We’re thinking about the recent Abigail Alliance case again. As readers of this blog know, the en banc D.C. Circuit held on August 7 that terminally ill patients do not have a constitutional right to take unapproved drugs in the hope of a cure.
We did a short post on that topic, which the Volokh Conspiracy picked up, which prompted our rejoinder, which led to yet more commentary at Volokh. (And all that in just two days. Is the web cool, or what?)
Here’s where we settled.
Our concern was that terminally ill patients who are permitted to take unapproved drugs must get the drugs from somewhere. The only place to get the drugs is from the people who have them – the pharmaceutical companies. Terminally ill patients will thus predictably turn handstands to try to force pharmaceutical companies to provide those drugs. And the emotional appeal of lawsuits filed to obtain access to those drugs will be truly compelling. Plaintiffs will be telling judges that they are terminally ill and have no hope for survival unless they are permitted to take an experimental drug. In that context, shouldn’t the drug manufacturer provide the drug, so the patient can have a chance to live?
The scholars at Volokh criticized our thinking in two ways. First, they insist that drug companies are not “state actors,” so no court would ever find that the fundamental constitutional right alleged in Abigail Alliance applies to them. As we said in our previous post, we’re far less sanguine about that than the academics are. The FDA regulates drug companies awfully closely, and judges will bend over backwards to find in favor of plaintiffs in the emotionally-charged situation we’ve just described. In that situation, we would not be surprised to find a judge (wrongly) ordering a company to provide an experimental drug.
But assume the scholars are right. If so, then drug companies are not state actors, and drug companies would never be subject to a constitutional obligation to provide drugs.
Here’s our question: If drug companies are not going to provide drugs to the patients, who the heck is?
The drug companies themselves would be crazy to provide these drugs. The companies would presumably have to provide the drugs free of charge. There’s no (economic) upside to providing the drugs. But there is a downside. The companies are forbidden to speak about the risks of unapproved drugs, so the companies could not protect themselves against “failure to warn” tort claims if they provided the drugs to patients.
Moreover, if terminally ill patients were permitted to ingest investigational drugs, the FDA would surely force manufacturers to track how those patients fared. The logistics and cost of that process would deter drug companies from providing drugs. And the results of those experiments – with most patients dying – might wrongly be used to delay approval of drugs or as purported ammunition for plaintiffs in later litigation.
One alternative would be for the drug companies not to produce the drugs themselves, but instead to license the drugs to other companies that could then sell them for experimental use.
But why?
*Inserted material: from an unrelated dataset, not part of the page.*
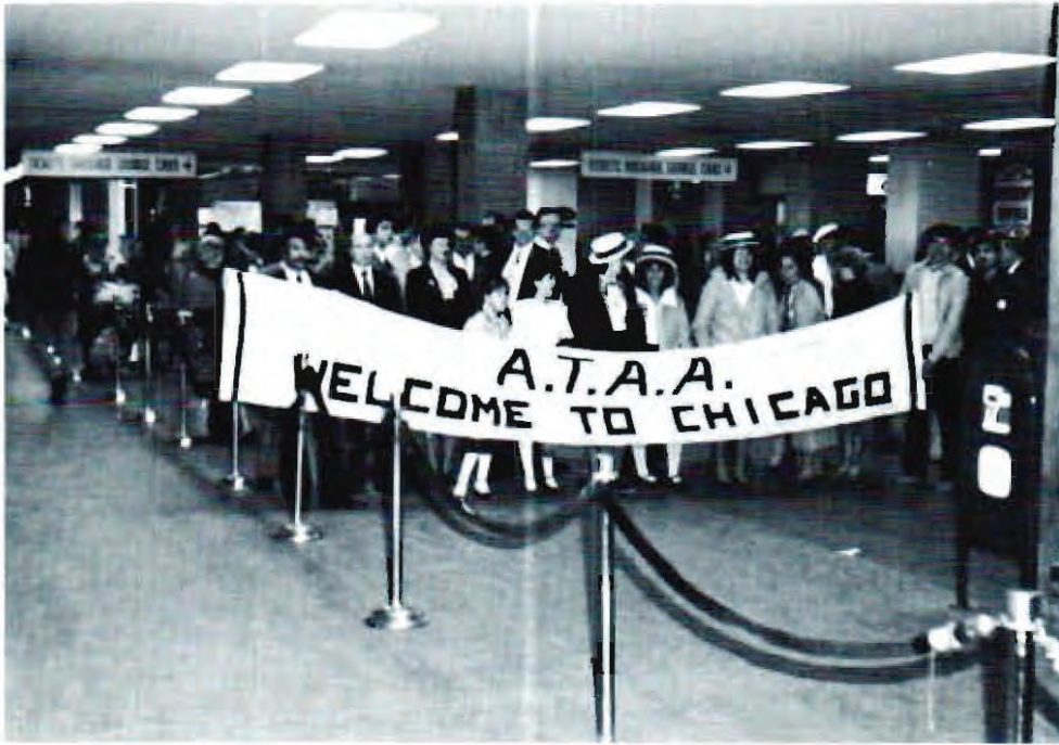
Arrivals from the "Turkish Express" train are welcomed to Chicago for the fourth Convention, April 17-18, 1982.
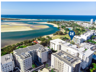
Unit 509 Space - The Residences, 45 The Esplanade Cotton Tree

And to whom? Why would a licensee care to manufacture and sell drugs in a situation where it, too, would have no defense to resulting product liability lawsuits? And why would the licensee want to manufacture a drug either to give away free or sell for what would surely be no profit? There’s no incentive for licensees to act.
Moreover, the innovator drug company also has little incentive to grant the license. Just as plaintiffs sometimes join innovators in product liability lawsuits resulting from having ingested a generic version of a drug, a plaintiff who ingested an Abigail Alliance drug manufactured by a licensee might also choose to join the innovator as a defendant.
In the end, we just don’t get it. (No surprise there, right?) Assume the Abigail Alliance plaintiffs prevail and establish a constitutional right to ingest experimental drugs. Unless we’re missing something, almost no one would manufacture or sell those drugs, so the plaintiffs would have established the right to ingest drugs that will not be available anyway.
We have an awful lot of sympathy for the plaintiffs in Abigail Alliance and, as we’ve said before, we pass no judgment on the constitutional issues involved. But it does seem to us that, if you focus on the practicalities of the situation, the entire litigation is a tempest in a teapot. The plaintiffs may be fighting for a right that will ultimately have no practical effect at all.